■ Task brief: Would you copy exactly the lines in the data below from the one that has "On The Wall |" through the one that has "宸极 CH-TWLR1028 铁管伸缩围栏 1.02*8m (单位:片) 红黄相间", dropping any pictures?

═══ Given information ═══

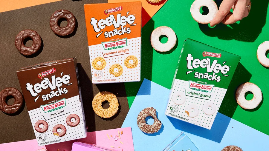 Krispy Kreme is promoting five new teeVee snacks, inspired by its doughnuts.
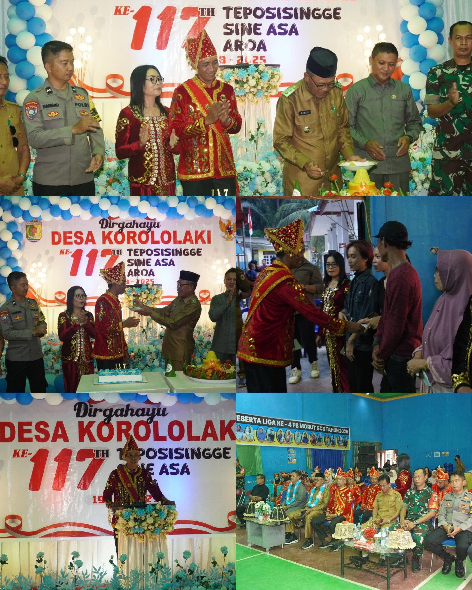 Acara kemudian dilanjutkan dengan prosesi pemotongan tumpeng dan peniupan lilin sebagai ungkapan syukur atas hari jadi Desa Korololaki yang ke-117.
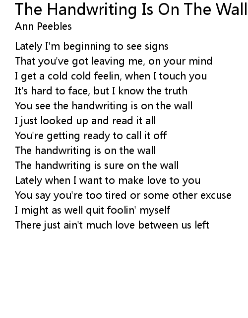 | Song | The Handwriting Is On The Wall |
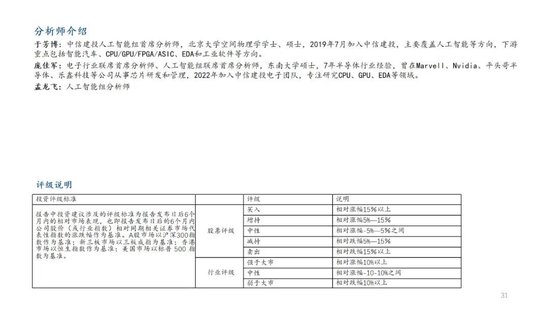 庞佳军:电子行业联席首席分析师、人工智能组联席首席分析师,东南大学硕士,7年半导体行业经验,曾在Marvell、Nvidia、平头哥半导体、乐鑫科技等公司从事芯片研发和管理,2022年加入中信建投电子团队,专注研究CPU、GPU、EDA等领域。
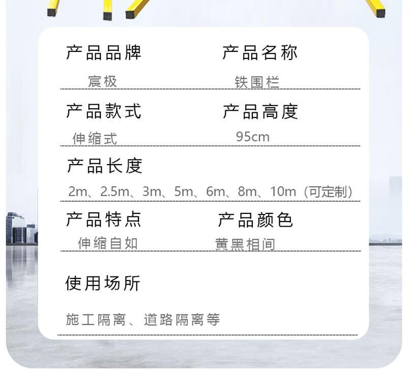 宸极 CH-TWLR1028 铁管伸缩围栏 1.02*8m (单位:片) 红黄相间
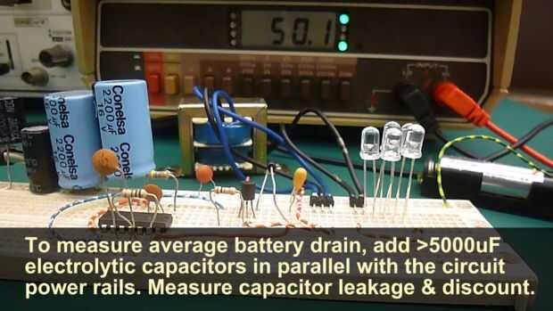 el primer proyecto jamás construido fue una luz que titilaba y apagar. Tomó nueve partes y un par de cables. Agradable y fácil.Con algunas resistencias y condensadores, he configurado básicamente un chip 555 temporizador como oscilador (término fanta

═══

■ Answer to this task:
 | Song | The Handwriting Is On The Wall |
 庞佳军:电子行业联席首席分析师、人工智能组联席首席分析师,东南大学硕士,7年半导体行业经验,曾在Marvell、Nvidia、平头哥半导体、乐鑫科技等公司从事芯片研发和管理,2022年加入中信建投电子团队,专注研究CPU、GPU、EDA等领域。
 宸极 CH-TWLR1028 铁管伸缩围栏 1.02*8m (单位:片) 红黄相间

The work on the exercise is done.